The purpose of this study is to evaluate the biodistribution properties of random-copolymer-based core-cross-linked
nanogels of various sizes and surface poly(
ethylene glycol) composition. Systematic variations of near-IR labeled
nanogels, comprising varying particle sizes (28-135 nm), PEG corona quantity (0-50 mol %), and PEG length (PEG Mn 1000, 2000, and 5000), were prepared and injected in mice that had been subcutaneously implanted with MDA-MB-231-luc-D3H2LN
human mammary carcinoma. In vivo biodistribution was obtained using fluorescence molecular tomography imaging at 0, 6, 24, 48, and 72 h postinjection. Retention of total body probe and percentages of total injected dose in the
tumor, liver, spleen, lungs, heart, intestines, and kidneys were obtained. Smaller
nanogels (∼30-40 nm) with a high PEG conjugation (∼43-46 mol %) of Mn 2000 on their coronas achieved the highest
tumor specificity with peak maximum 27% ID/g, a statistically significant propensity toward accumulation with 16.5% ID/g increase from 0 to 72 h of imaging, which constitutes a 1.5-fold increase.
Nanogels with greater
tumor localization also had greater retention of total body probe over 72 h.
Nanogels without extensive PEGylation were rapidly excreted, even at similar sizes to PEGylated
nanogels exhibiting whole body retention.
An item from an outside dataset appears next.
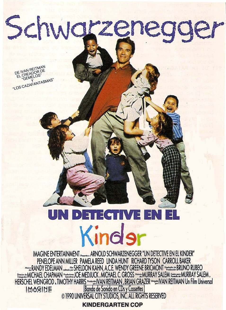 Рейтман — талантливейший режиссер-комедиограф, один из самых успешных во второй половине 20-го века. И он не чужд работе с детьми. Еще в 1979 он сделал циничного и расхлябанного Билла Мюррея вожатым у группы неуправляемых и помешенных на вопросах полового созревания детишек в легендарных «Фрикадельках». Потом в «Охотниках за привидениями 2» для придания фантастическому сюжету семейной окраски и сентиментальной направленности тому же Биллу Мюррею вручил в руки малыша Оскара, которого он вынужден был со своими друзьями спасать от злобного призрака. Нетрудно догадаться, что и роль несдержанного копа в «Детсадовском полицейском» он готовил для Мюррея, который по его идее, должен был сразу же с площадки вторых «Охотников» шагнуть на площадку «Детсадовского». Однако Мюррей уже собирался приступить к работе над своей первой самостоятельной картиной «Быстрые перемены», в которой не только играл главную роль, но и занимал режиссерское кресло и уже подписал контракт на главную роль в картине «А как же Боб?» Фрэнка Оза.

Of all tissues, the liver had the highest % ID, however, like other tissues, it displayed a monotonic decrease over time, suggesting
nanogel clearance by hepatic metabolism. Ex vivo quantification of individual tissues from gross necropsy at 72 h postinjection generally correlated with the FMT analysis, providing confidence in tissue signal segmentation in vivo. The parameters determined to most significantly direct a
nanogel to the desired
tumor target can lead to improve effectiveness for
nanogels as therapeutic delivery vehicles.